Would you repeat all the lines below, exactly as they stand?

** Data records follows **

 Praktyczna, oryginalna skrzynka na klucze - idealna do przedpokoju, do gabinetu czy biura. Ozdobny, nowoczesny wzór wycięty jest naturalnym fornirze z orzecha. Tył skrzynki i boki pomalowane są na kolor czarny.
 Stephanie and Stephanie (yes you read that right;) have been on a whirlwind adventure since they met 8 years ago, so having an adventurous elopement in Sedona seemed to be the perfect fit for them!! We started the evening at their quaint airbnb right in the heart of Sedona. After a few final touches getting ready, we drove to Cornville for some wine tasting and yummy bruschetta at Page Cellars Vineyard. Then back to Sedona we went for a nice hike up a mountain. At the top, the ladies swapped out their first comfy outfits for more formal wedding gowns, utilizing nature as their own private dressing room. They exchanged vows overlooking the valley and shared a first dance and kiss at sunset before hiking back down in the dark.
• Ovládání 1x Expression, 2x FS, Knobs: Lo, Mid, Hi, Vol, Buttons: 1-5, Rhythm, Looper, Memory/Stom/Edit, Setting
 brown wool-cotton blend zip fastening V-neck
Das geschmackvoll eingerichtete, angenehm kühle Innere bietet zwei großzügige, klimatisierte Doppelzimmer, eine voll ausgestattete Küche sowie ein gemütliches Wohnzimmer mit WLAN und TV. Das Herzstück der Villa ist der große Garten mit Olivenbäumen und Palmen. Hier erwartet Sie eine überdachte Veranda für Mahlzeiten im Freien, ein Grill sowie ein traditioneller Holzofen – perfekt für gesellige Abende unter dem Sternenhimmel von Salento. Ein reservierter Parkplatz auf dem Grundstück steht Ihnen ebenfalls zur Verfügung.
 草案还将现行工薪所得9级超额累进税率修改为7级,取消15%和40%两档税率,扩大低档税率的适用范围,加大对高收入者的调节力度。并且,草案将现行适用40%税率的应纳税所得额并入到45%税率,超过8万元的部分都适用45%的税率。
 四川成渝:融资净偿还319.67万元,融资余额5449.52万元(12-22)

** End of Data records **

● Output below
 Praktyczna, oryginalna skrzynka na klucze - idealna do przedpokoju, do gabinetu czy biura. Ozdobny, nowoczesny wzór wycięty jest naturalnym fornirze z orzecha. Tył skrzynki i boki pomalowane są na kolor czarny.
 Stephanie and Stephanie (yes you read that right;) have been on a whirlwind adventure since they met 8 years ago, so having an adventurous elopement in Sedona seemed to be the perfect fit for them!! We started the evening at their quaint airbnb right in the heart of Sedona. After a few final touches getting ready, we drove to Cornville for some wine tasting and yummy bruschetta at Page Cellars Vineyard. Then back to Sedona we went for a nice hike up a mountain. At the top, the ladies swapped out their first comfy outfits for more formal wedding gowns, utilizing nature as their own private dressing room. They exchanged vows overlooking the valley and shared a first dance and kiss at sunset before hiking back down in the dark.
• Ovládání 1x Expression, 2x FS, Knobs: Lo, Mid, Hi, Vol, Buttons: 1-5, Rhythm, Looper, Memory/Stom/Edit, Setting
 brown wool-cotton blend zip fastening V-neck
Das geschmackvoll eingerichtete, angenehm kühle Innere bietet zwei großzügige, klimatisierte Doppelzimmer, eine voll ausgestattete Küche sowie ein gemütliches Wohnzimmer mit WLAN und TV. Das Herzstück der Villa ist der große Garten mit Olivenbäumen und Palmen. Hier erwartet Sie eine überdachte Veranda für Mahlzeiten im Freien, ein Grill sowie ein traditioneller Holzofen – perfekt für gesellige Abende unter dem Sternenhimmel von Salento. Ein reservierter Parkplatz auf dem Grundstück steht Ihnen ebenfalls zur Verfügung.
 草案还将现行工薪所得9级超额累进税率修改为7级,取消15%和40%两档税率,扩大低档税率的适用范围,加大对高收入者的调节力度。并且,草案将现行适用40%税率的应纳税所得额并入到45%税率,超过8万元的部分都适用45%的税率。
 四川成渝:融资净偿还319.67万元,融资余额5449.52万元(12-22)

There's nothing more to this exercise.